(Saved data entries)
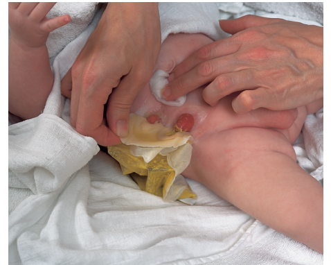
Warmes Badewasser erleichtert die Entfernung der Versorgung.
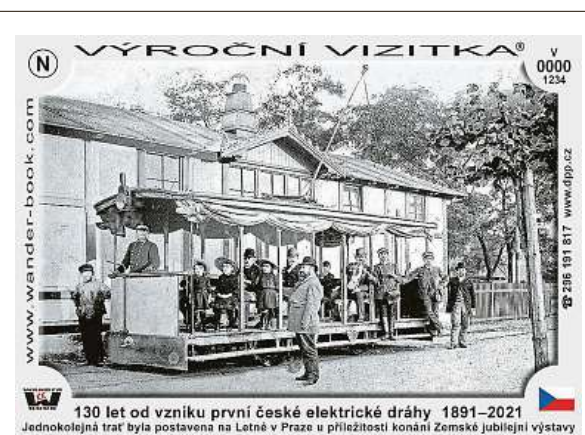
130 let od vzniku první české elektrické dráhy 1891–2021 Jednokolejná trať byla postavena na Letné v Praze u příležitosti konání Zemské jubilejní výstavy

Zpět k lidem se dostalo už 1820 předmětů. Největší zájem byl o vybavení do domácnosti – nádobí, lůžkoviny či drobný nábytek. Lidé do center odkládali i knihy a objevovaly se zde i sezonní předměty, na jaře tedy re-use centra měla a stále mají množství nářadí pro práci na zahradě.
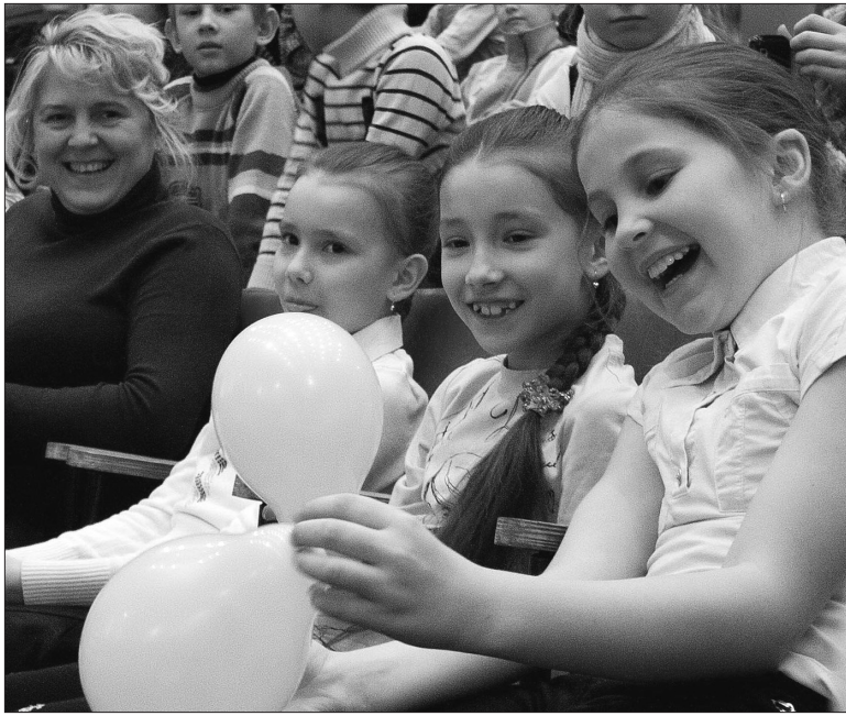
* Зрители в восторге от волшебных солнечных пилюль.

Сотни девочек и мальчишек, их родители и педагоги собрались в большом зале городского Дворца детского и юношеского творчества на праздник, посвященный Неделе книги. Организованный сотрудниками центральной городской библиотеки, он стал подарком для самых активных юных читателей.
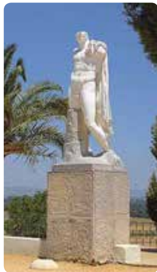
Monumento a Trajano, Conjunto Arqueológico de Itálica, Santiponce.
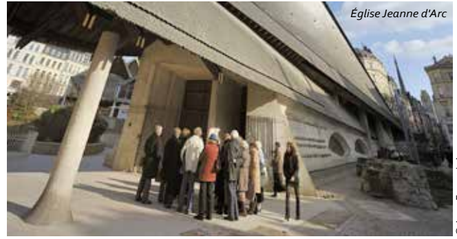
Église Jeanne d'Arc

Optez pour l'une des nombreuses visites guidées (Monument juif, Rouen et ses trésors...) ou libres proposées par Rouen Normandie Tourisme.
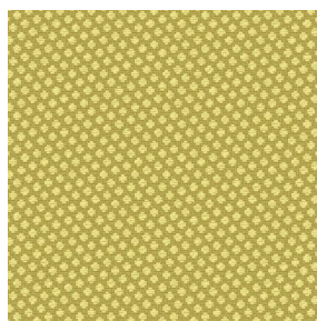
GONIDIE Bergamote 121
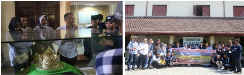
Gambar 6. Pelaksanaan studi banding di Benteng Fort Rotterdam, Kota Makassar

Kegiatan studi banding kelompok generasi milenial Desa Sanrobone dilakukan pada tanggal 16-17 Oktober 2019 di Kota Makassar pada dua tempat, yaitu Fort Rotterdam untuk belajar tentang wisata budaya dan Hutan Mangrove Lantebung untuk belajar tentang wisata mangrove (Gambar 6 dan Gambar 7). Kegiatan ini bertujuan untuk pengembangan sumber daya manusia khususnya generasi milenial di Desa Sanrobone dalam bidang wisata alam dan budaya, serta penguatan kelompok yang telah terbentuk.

* **Task prompt**
Above are the records; repeat them all exactly, without the pictures.

* **The completed task**
Warmes Badewasser erleichtert die Entfernung der Versorgung.
130 let od vzniku první české elektrické dráhy 1891–2021 Jednokolejná trať byla postavena na Letné v Praze u příležitosti konání Zemské jubilejní výstavy

Zpět k lidem se dostalo už 1820 předmětů. Největší zájem byl o vybavení do domácnosti – nádobí, lůžkoviny či drobný nábytek. Lidé do center odkládali i knihy a objevovaly se zde i sezonní předměty, na jaře tedy re-use centra měla a stále mají množství nářadí pro práci na zahradě.
* Зрители в восторге от волшебных солнечных пилюль.

Сотни девочек и мальчишек, их родители и педагоги собрались в большом зале городского Дворца детского и юношеского творчества на праздник, посвященный Неделе книги. Организованный сотрудниками центральной городской библиотеки, он стал подарком для самых активных юных читателей.
Monumento a Trajano, Conjunto Arqueológico de Itálica, Santiponce.
Église Jeanne d'Arc

Optez pour l'une des nombreuses visites guidées (Monument juif, Rouen et ses trésors...) ou libres proposées par Rouen Normandie Tourisme.
GONIDIE Bergamote 121
Gambar 6. Pelaksanaan studi banding di Benteng Fort Rotterdam, Kota Makassar

Kegiatan studi banding kelompok generasi milenial Desa Sanrobone dilakukan pada tanggal 16-17 Oktober 2019 di Kota Makassar pada dua tempat, yaitu Fort Rotterdam untuk belajar tentang wisata budaya dan Hutan Mangrove Lantebung untuk belajar tentang wisata mangrove (Gambar 6 dan Gambar 7). Kegiatan ini bertujuan untuk pengembangan sumber daya manusia khususnya generasi milenial di Desa Sanrobone dalam bidang wisata alam dan budaya, serta penguatan kelompok yang telah terbentuk.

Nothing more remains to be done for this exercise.